(Records contained in a dataset)
◇ ◇ ◇ ◇ ◇
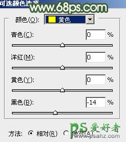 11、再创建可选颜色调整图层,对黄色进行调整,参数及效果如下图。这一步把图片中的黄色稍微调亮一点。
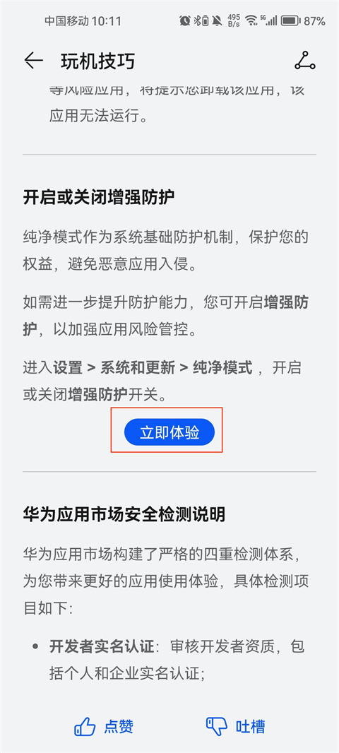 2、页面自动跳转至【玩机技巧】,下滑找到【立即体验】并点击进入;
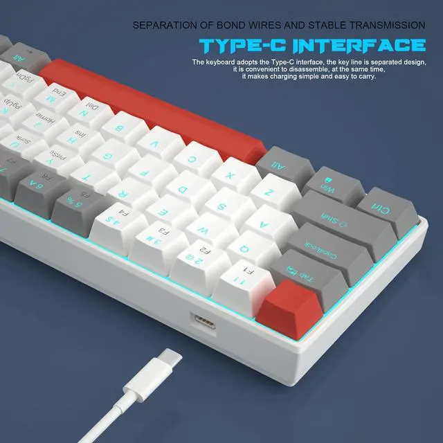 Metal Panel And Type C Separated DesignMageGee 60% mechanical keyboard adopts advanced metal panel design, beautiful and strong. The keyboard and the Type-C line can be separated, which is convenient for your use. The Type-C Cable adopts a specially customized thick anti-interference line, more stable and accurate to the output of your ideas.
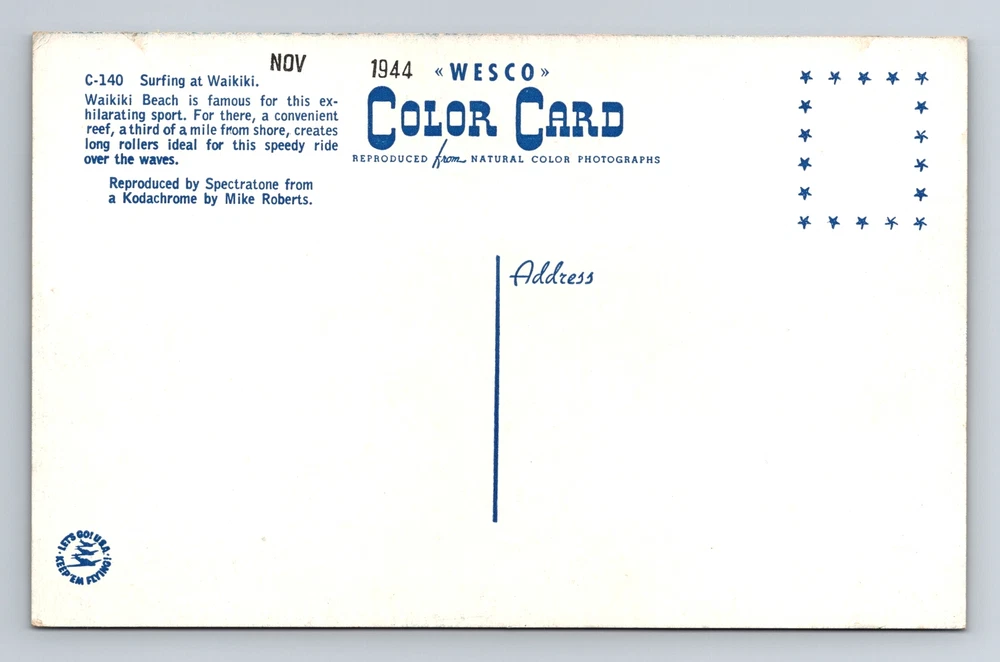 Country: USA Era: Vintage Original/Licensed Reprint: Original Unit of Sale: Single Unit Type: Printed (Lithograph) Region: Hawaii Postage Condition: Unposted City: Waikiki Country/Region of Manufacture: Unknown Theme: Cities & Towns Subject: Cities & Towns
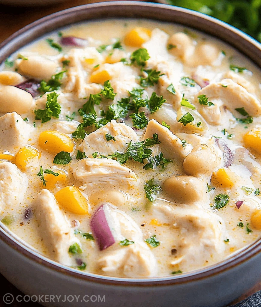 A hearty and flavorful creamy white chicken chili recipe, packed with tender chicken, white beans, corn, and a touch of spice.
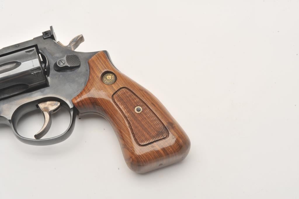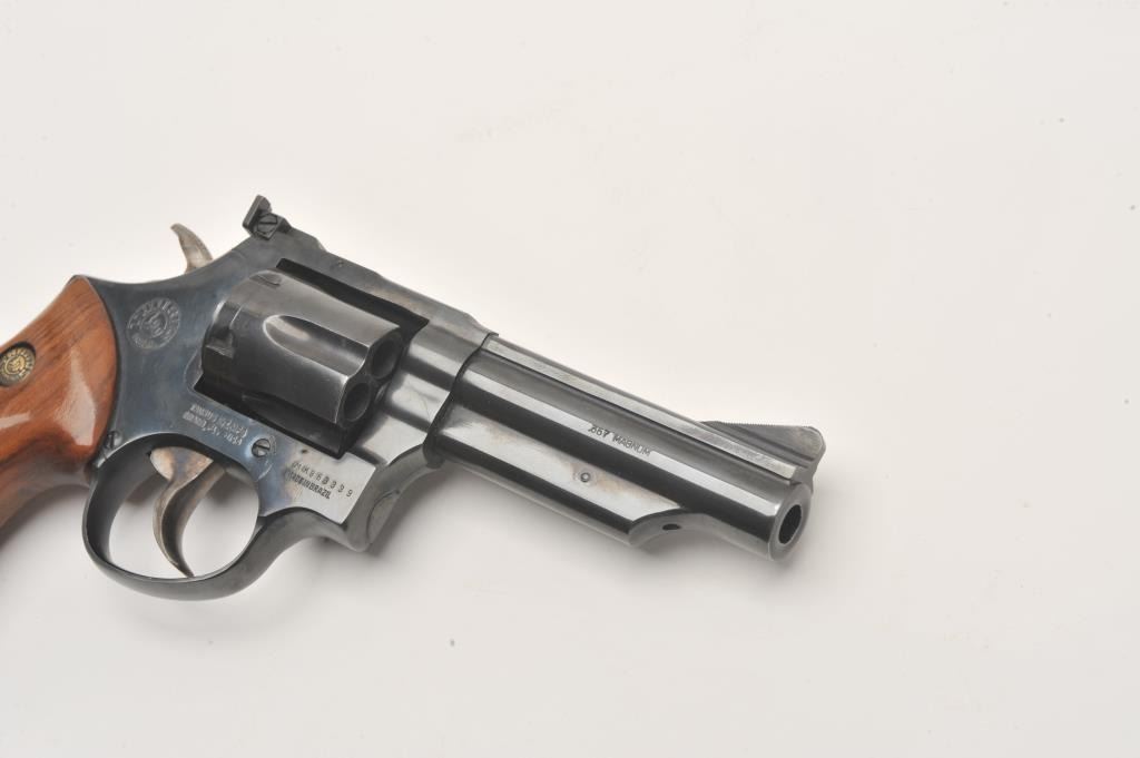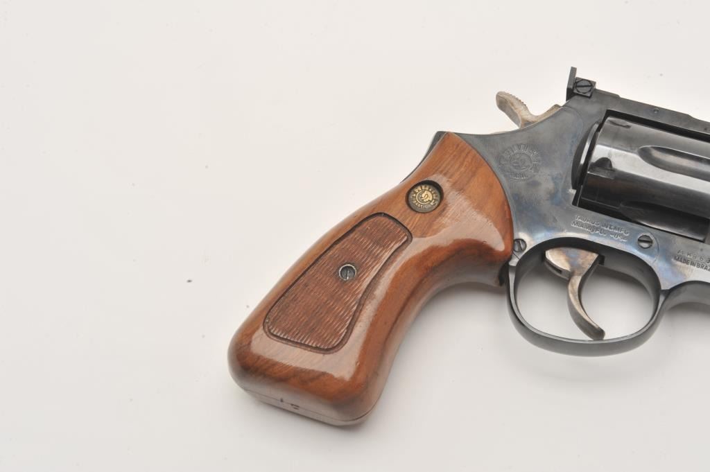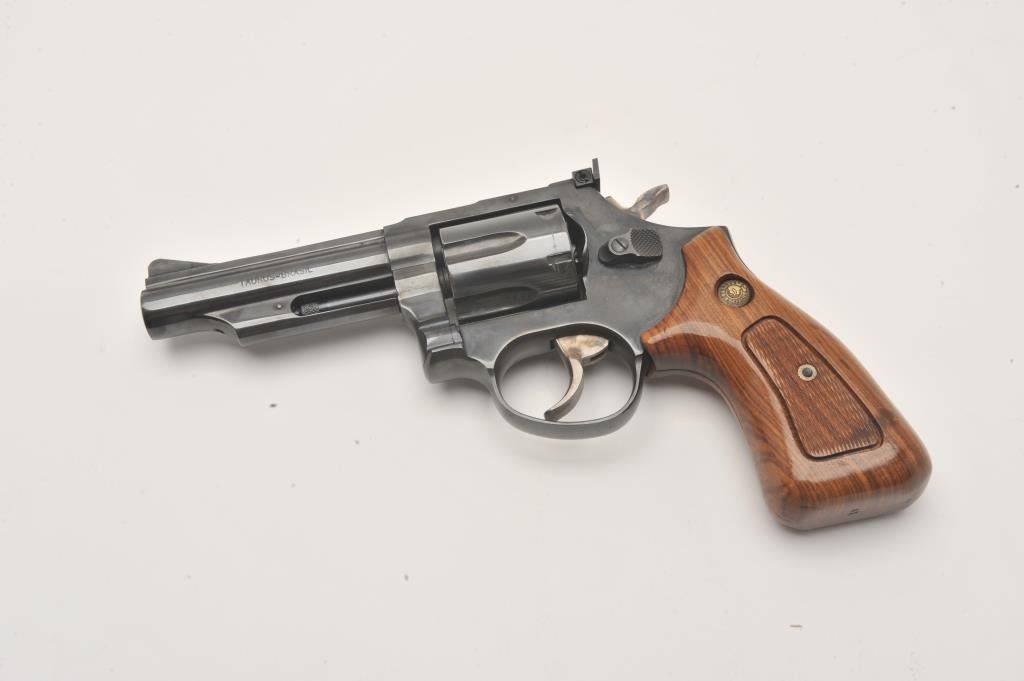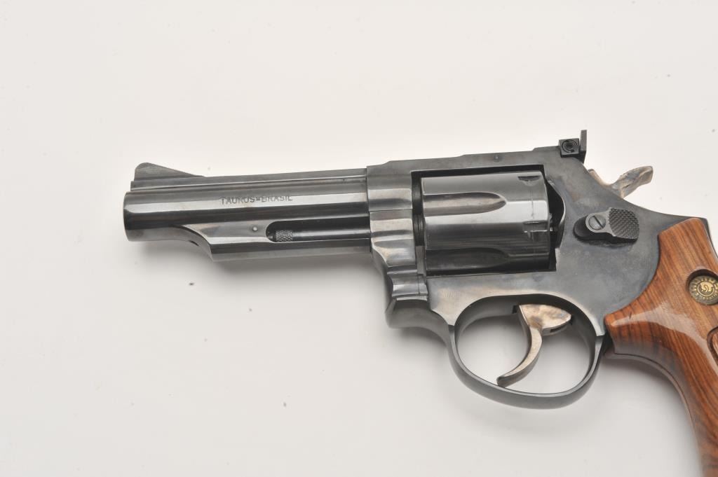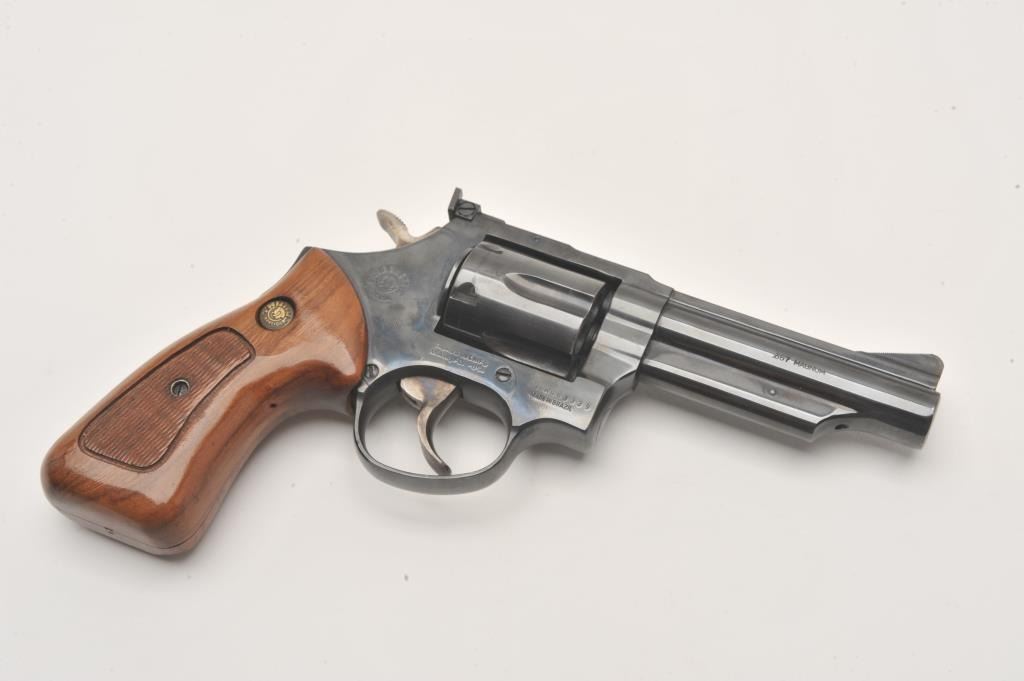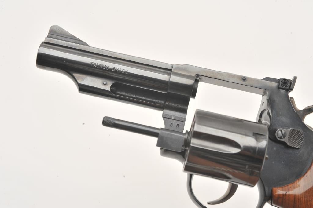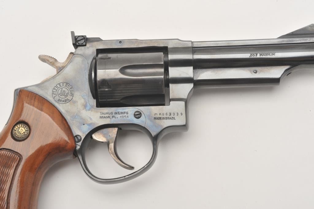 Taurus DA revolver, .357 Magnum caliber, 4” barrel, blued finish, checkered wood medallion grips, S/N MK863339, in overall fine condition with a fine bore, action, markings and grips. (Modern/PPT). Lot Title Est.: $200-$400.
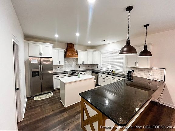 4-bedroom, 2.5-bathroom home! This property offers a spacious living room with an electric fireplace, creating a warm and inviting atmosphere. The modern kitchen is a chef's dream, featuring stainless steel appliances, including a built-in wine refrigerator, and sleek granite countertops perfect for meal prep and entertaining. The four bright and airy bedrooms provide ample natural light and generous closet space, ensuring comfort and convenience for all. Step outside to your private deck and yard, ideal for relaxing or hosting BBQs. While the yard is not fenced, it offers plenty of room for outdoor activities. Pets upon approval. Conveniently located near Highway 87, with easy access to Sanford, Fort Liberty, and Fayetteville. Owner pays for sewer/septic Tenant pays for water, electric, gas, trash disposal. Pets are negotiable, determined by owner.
◇ ◇ ◇ ◇ ◇
What you need to do:
Make an exact copy of every record, pictures excluded.

Output below:
 11、再创建可选颜色调整图层,对黄色进行调整,参数及效果如下图。这一步把图片中的黄色稍微调亮一点。
 2、页面自动跳转至【玩机技巧】,下滑找到【立即体验】并点击进入;
 Metal Panel And Type C Separated DesignMageGee 60% mechanical keyboard adopts advanced metal panel design, beautiful and strong. The keyboard and the Type-C line can be separated, which is convenient for your use. The Type-C Cable adopts a specially customized thick anti-interference line, more stable and accurate to the output of your ideas.
 Country: USA Era: Vintage Original/Licensed Reprint: Original Unit of Sale: Single Unit Type: Printed (Lithograph) Region: Hawaii Postage Condition: Unposted City: Waikiki Country/Region of Manufacture: Unknown Theme: Cities & Towns Subject: Cities & Towns
 A hearty and flavorful creamy white chicken chili recipe, packed with tender chicken, white beans, corn, and a touch of spice.
 Taurus DA revolver, .357 Magnum caliber, 4” barrel, blued finish, checkered wood medallion grips, S/N MK863339, in overall fine condition with a fine bore, action, markings and grips. (Modern/PPT). Lot Title Est.: $200-$400.
 4-bedroom, 2.5-bathroom home! This property offers a spacious living room with an electric fireplace, creating a warm and inviting atmosphere. The modern kitchen is a chef's dream, featuring stainless steel appliances, including a built-in wine refrigerator, and sleek granite countertops perfect for meal prep and entertaining. The four bright and airy bedrooms provide ample natural light and generous closet space, ensuring comfort and convenience for all. Step outside to your private deck and yard, ideal for relaxing or hosting BBQs. While the yard is not fenced, it offers plenty of room for outdoor activities. Pets upon approval. Conveniently located near Highway 87, with easy access to Sanford, Fort Liberty, and Fayetteville. Owner pays for sewer/septic Tenant pays for water, electric, gas, trash disposal. Pets are negotiable, determined by owner.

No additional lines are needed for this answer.